-- Data shown follows --
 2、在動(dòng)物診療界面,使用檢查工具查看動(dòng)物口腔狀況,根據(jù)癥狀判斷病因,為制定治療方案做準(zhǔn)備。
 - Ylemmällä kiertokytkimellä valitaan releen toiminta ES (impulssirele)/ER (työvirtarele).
-- Data shown concluded --
-- Data shown follows --
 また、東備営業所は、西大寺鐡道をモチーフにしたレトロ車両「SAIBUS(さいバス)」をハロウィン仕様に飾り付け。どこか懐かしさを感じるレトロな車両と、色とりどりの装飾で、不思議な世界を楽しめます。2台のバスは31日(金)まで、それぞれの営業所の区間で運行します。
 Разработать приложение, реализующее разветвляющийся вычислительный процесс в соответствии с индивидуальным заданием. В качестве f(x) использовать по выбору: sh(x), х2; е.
-- Data shown concluded --
- [Assignment]: The required answer is the run of lines above, starting at the line with "また、東備営業所は、西大寺鐡" and ending at the line with "Разработать приложение, реализующее", reproduced exactly with both ends.

- [Response]:
 また、東備営業所は、西大寺鐡道をモチーフにしたレトロ車両「SAIBUS(さいバス)」をハロウィン仕様に飾り付け。どこか懐かしさを感じるレトロな車両と、色とりどりの装飾で、不思議な世界を楽しめます。2台のバスは31日(金)まで、それぞれの営業所の区間で運行します。
 Разработать приложение, реализующее разветвляющийся вычислительный процесс в соответствии с индивидуальным заданием. В качестве f(x) использовать по выбору: sh(x), х2; е.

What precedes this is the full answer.